The percentages of AD patients, OND and other sufficiently represented (N > 6) clinical conditions in each cluster are reported in Figure 3. Interestingly, not only AD but also PDD, DLB, and CBD had a relevant presence (>20%) in clusters 3–6. Conversely, MS, PSP, sMCI, and synucleinopathies without dementia (PD and MSA) majorly colocalize with OND in cluster 1. The composition of cluster 2 was instead highly variable, consisting in the totality of CJD subjects and relevant percentages (≥20%) of NPH, ENC, FTD, and VAD. Considering the distribution of clinically defined OND and AD subjects in the clusters together with the clusters data ranges with respect to the calculated biomarkers cut-off values, we decided to indicate cluster 1 as the “control” cluster and clusters 3–6 as “AD-clusters”. Grouping of the clusters and of the clinical diagnoses showed that cluster 1, the control cluster, was the most distant from the others, followed by cluster 2 which was included in a separated branch with respect to cluster 3–6. The clinical diagnosis showed also a peculiar grouping, with AD, PDD, and DLB in the same branch of the dendrogram, while the other conditions (mostly included in clusters 1 and 2) in a second large branch. CJD clustered separately from all the other conditions being characterized by high Aβ42/Aβ40 ratios and high t-tau values.

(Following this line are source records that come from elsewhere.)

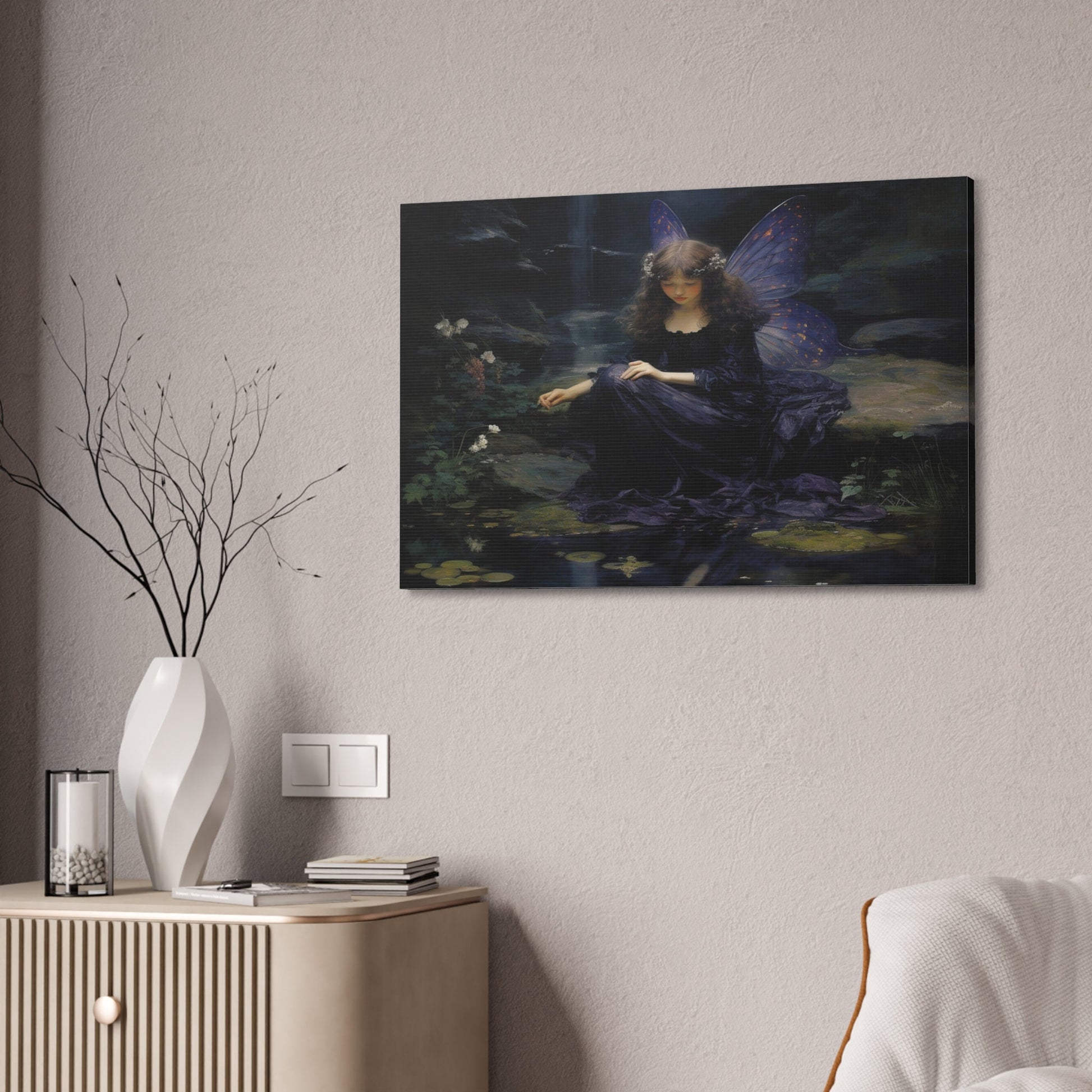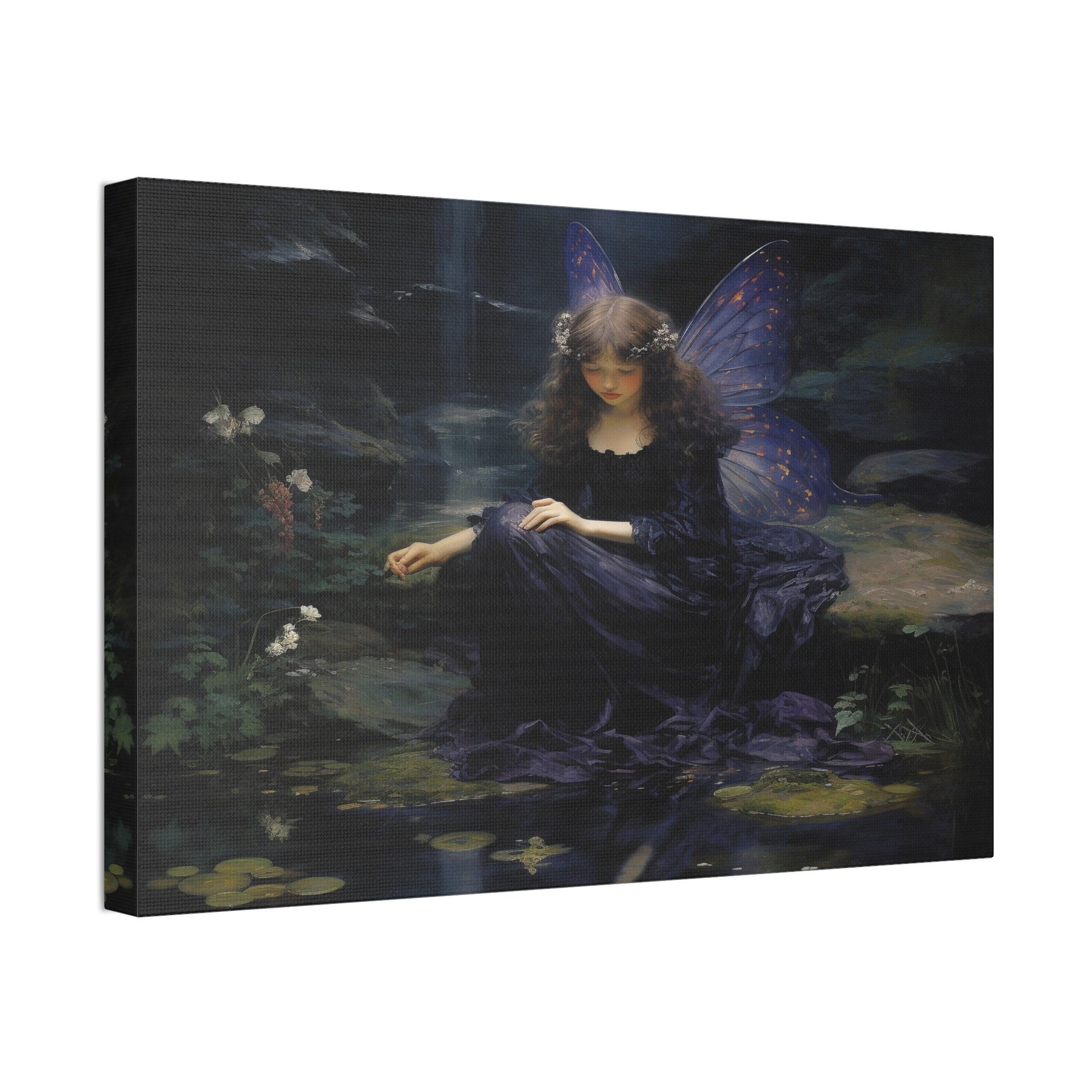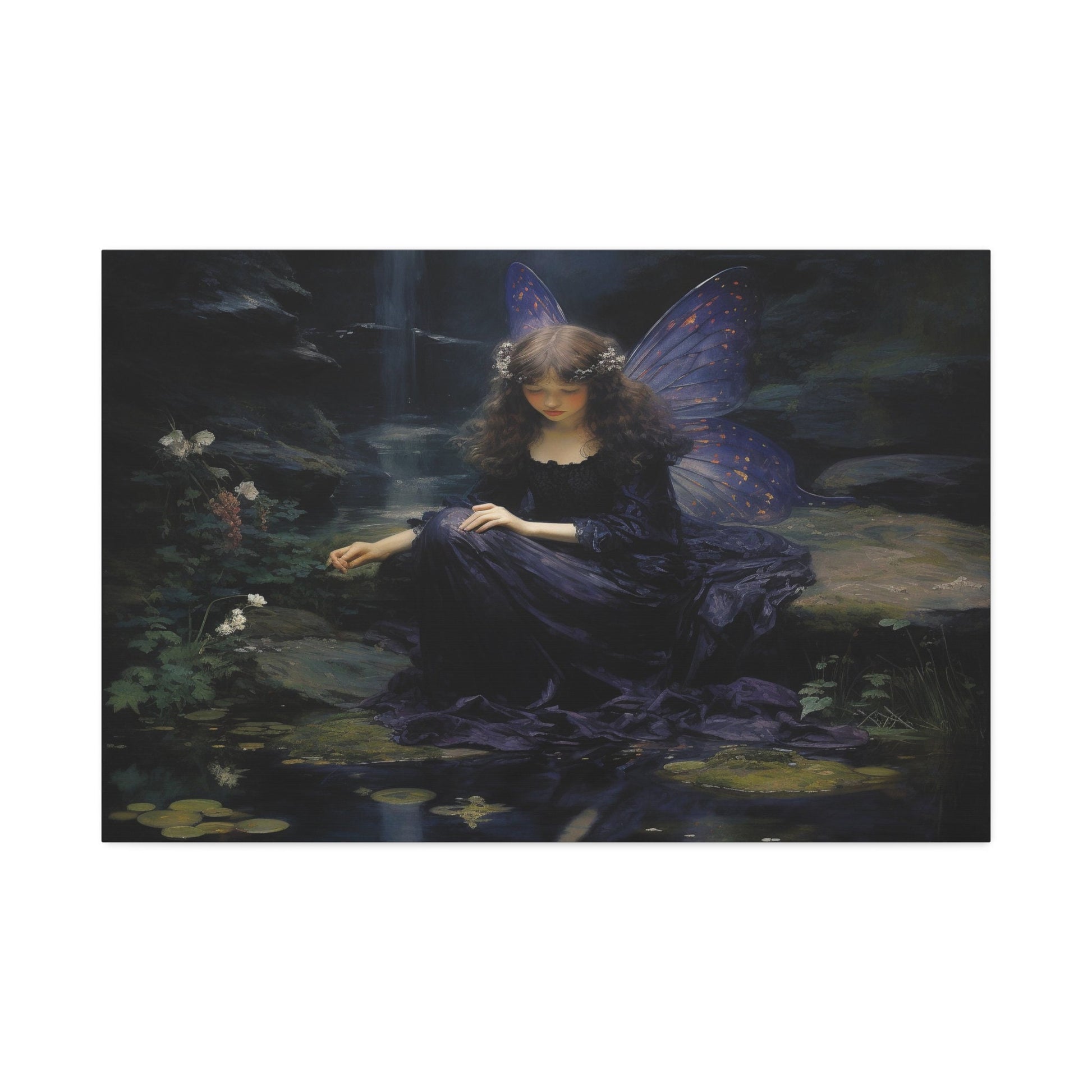 Purple Fairy Contemplation by a Forest Stream. Great for Personal room or Office. Cool enough to add flair at home, yet subtle enough for that professional feel at the office. The art was created using painstakingly crafted word prompts submitted to AI technology with the intention of developing a crisp yet fluid visual display guaranteed to create wonder and discussion.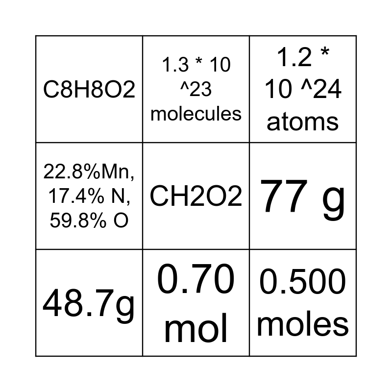 This bingo card has 11 words: 0.500 moles, 0.70 mol, CH2O2, 48.7g, 1.3 * 10 ^23 molecules, 1.2 * 10 ^24 atoms, 77 g, 190 g, 22.8%Mn, 17.4% N, 59.8% O, C8H8O2 and C6H12O12.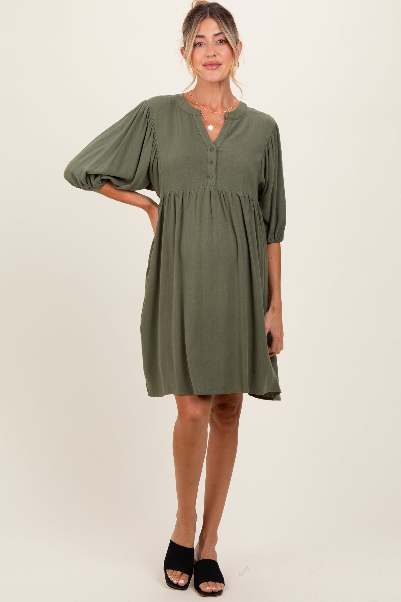 Stay stylish and comfortable throughout your pregnancy with our Olive Button Up Split Neck Maternity Dress. Crafted from lightweight, breathable fabric, this dress features a flattering A-line silhouette with gentle gathers under the bust to accommodate your growing bump. The split neckline with button-up detail adds a chic touch, while the three-quarter puff sleeves provide a trendy, relaxed fit. Perfect for casual outings or dressing up with your favorite accessories, this versatile dress combines effortless style with ultimate comfort. Available in a beautiful olive green, it’s a must-have for any maternity wardrobe. Machine washable for easy care.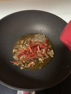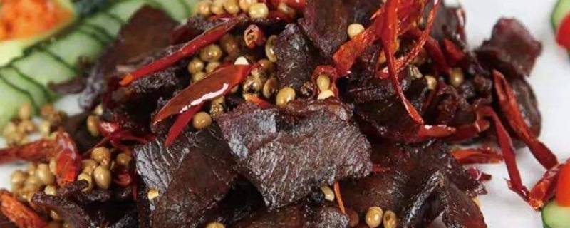 5、把牛干巴放入锅中继续大火翻炒。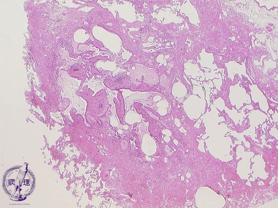 Microscopic view (HE stain, low power view): Airspace and bronchiolar dilatation, alveolar collapse and disappearance, and peribronchiolar fibrosis and small arterial wall hypertrophy are seen.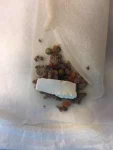 • Garnir les feuilles de bricks d’haché de bœuf tout en ajoutant du gruyère et un morceau de vache qui rit.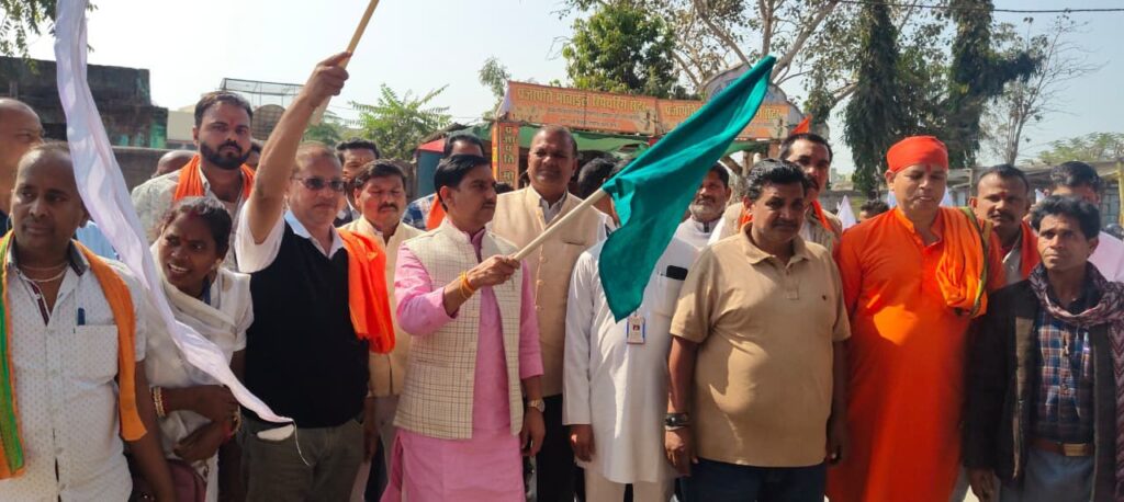 नशा मुक्ति जन जागरण रैली का शुभारंभ मुख्य अतिथि के रूप में केंद्रीय राज्य मंत्री श्री तोखन साहू अध्यक्षता पूर्व कैबिनेट मंत्री डॉ कृष्णमूर्तिबंधी विशिष्ट अतिथि भाजपा जिला ग्रामीण के अध्यक्ष मोहित जायसवाल सम्मिलित हुए तोखन साहु ने जनजागरण रैली को हरी झंडी दिखाकर मस्तूरी जोंधरा चौक से रवाना किया रैली रवाना करने के पश्चात केंद्रीय मंत्री जी नगर पंचायत मल्हार के मां डिडिनेश्वरी मंदिर परिसर पहुंचे जहां पर भारतीय जनता पार्टी के पदाधिकारी व प्रतिनिधियों द्वारा ढोल नगाड़ों के साथ अतिशी स्वागत किया गया साहू जी ने मां डिंडेश्वरी की पूजा अर्चना कर समस्त क्षेत्र वासियों के लिए सुख समृद्धि की कामना की नगर पंचायत के अध्यक्ष धनेश्वरी धनेश्वर कैवर्त ने केंद्रीय राज्य मंत्री से नगर पंचायत मल्हार की मुख्य सड़क की चौड़ीकरण तथा नगर पंचायत मल्हार के ऐतिहासिक तालाबों के सौंदरीकरण की मांग को रखी जिसको केन्द्रीय राज्यमंत्री साहू जी ने नगर पंचायत मल्हार की धार्मिक ऐतिहासिक तथा पुरातात्विक महत्व को देखते हुए विस्तृत कार्य योजना तैयार करने के लिए अधिकारियो को निर्देशित किया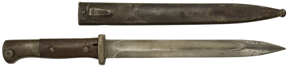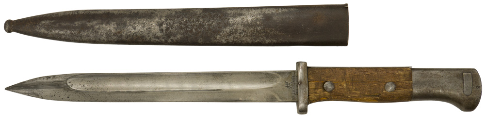 (Seitengewehr)A second pattern (the first were conversions of S 71/84 bayonets) model 1884/98 bayonet, introduced in 1915 as a short-blade wartime utility bayonet, and known as the S 84/98 nA ("Seitengewehr 84/98 neuer Art," or, Bayonet ‘84/‘98 new Pattern), with its original scabbard. Spine is nicely dated for 1915. Blade is 23cm. Scabbard is complete and in decent condition. Maker marked to "J.A. Henkels". Shows the expected age and use. The blade has been shortened, and ground on near the tip. One grip panel has been replaced with a lighter color home made piece of wood. Scarce.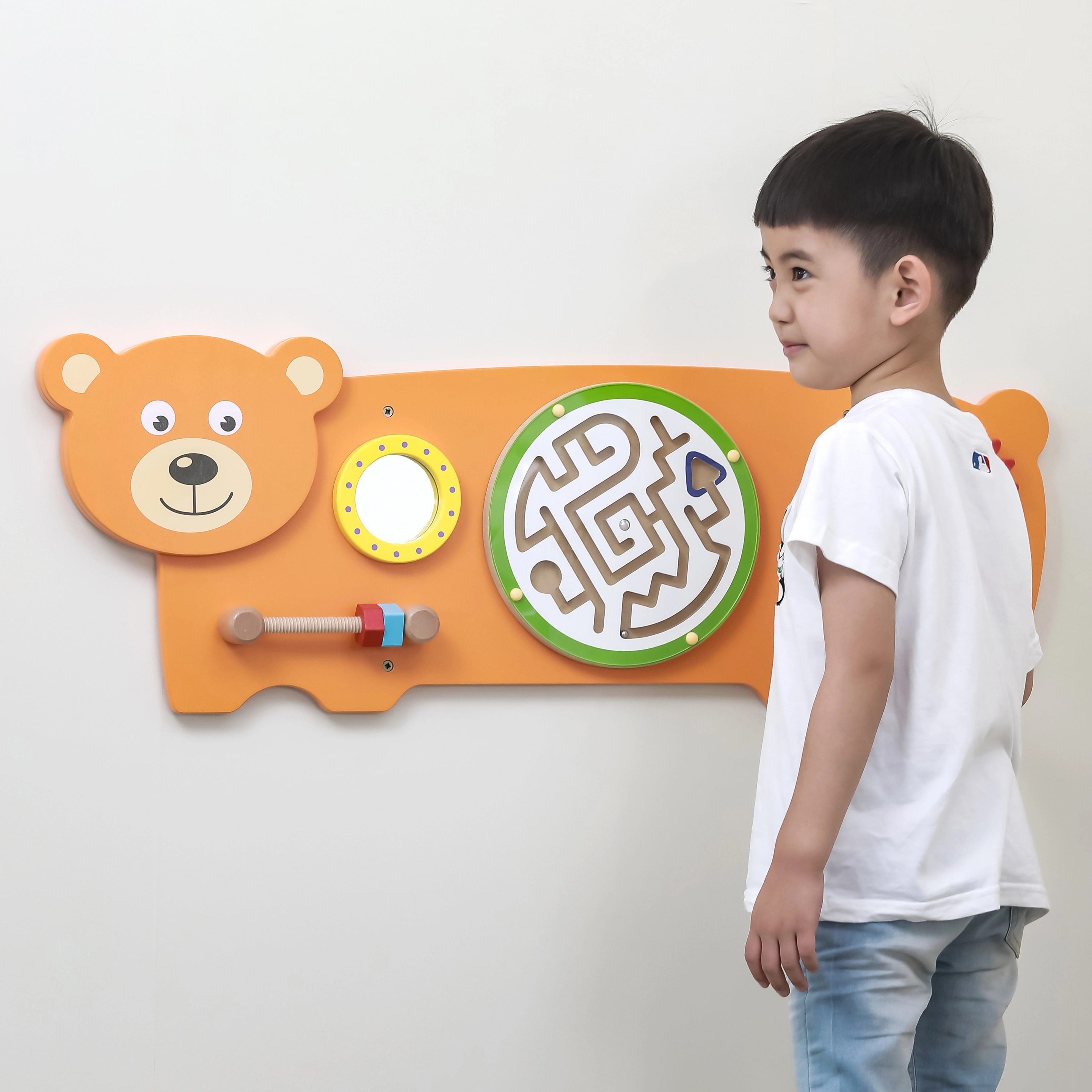 El tablero sensorial Osito está diseñado según los principios Montessori para motivar de forma natural a los niños a explorar y practicar habilidades. Ofrece varios tipos de actividades: girar engranajes, guiar la bolita en el laberinto, observarse en el espejo seguro y entrenar el agarre con tornillos roscados. Gracias a su robusta construcción de madera y a la posibilidad de montaje en pared, es ideal para habitaciones infantiles, salas de juego y jardines de infancia.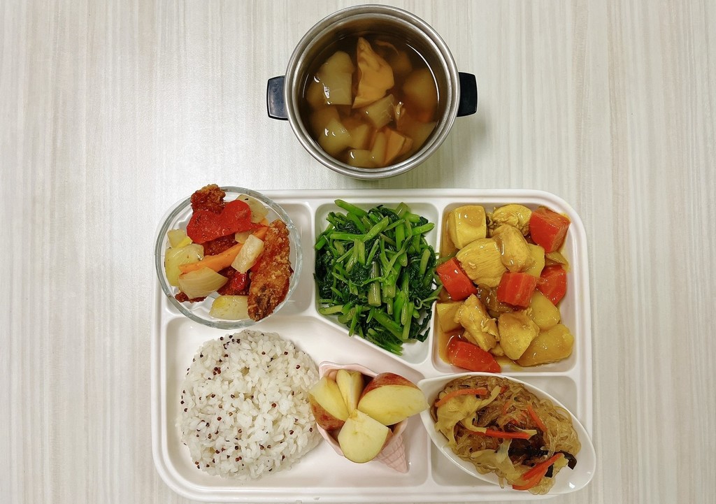 主菜咖哩雞丁糖醋魚丁副菜螞蟻上樹蒜香莧菜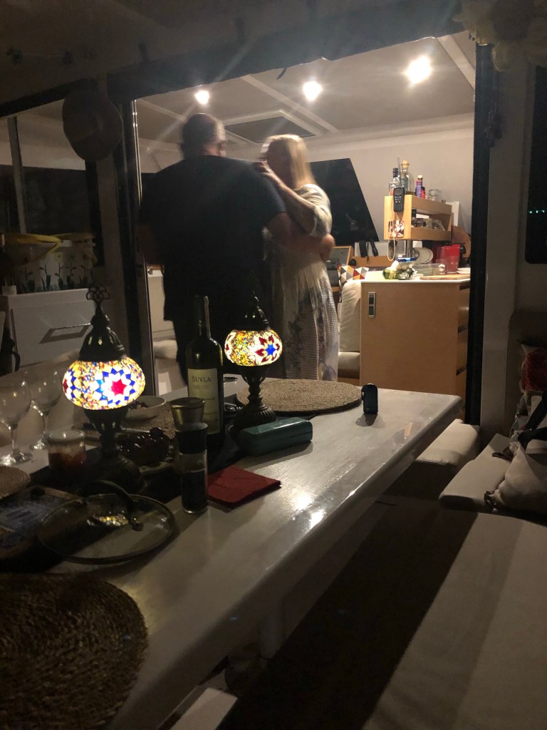 Fortunately Jackie’s flight from Izmir to Istanbul wasn’t too early so there was plenty of time to drink cups of tea before she stepped sedately into our dinghy for the last time this trip.

According to the prevalence of AD and OND in clusters 1–6, we calculated cut-off values for each biomarker considering AD vs. OND clinical diagnoses, control cluster vs. AD clusters and cluster 2 vs. AD clusters. The results are shown in Table 1.

We noticed that the cut-offs of the comparison control cluster vs. AD clusters were relatively similar to what obtained using the clinical diagnosis grouping (OND vs. AD), being mostly comprised within the 95% CI. Cut-off values for control cluster vs. AD clusters remained unchanged also by considering an age- and gender-matched subsets of the population (Supplementary Figure 2).

On the other hand, the cluster 2 vs. AD clusters comparison showed significant differences in the absolute values of cut-offs for t-tau and p-tau, while the Aβ42/Aβ40 ratio did not change significantly.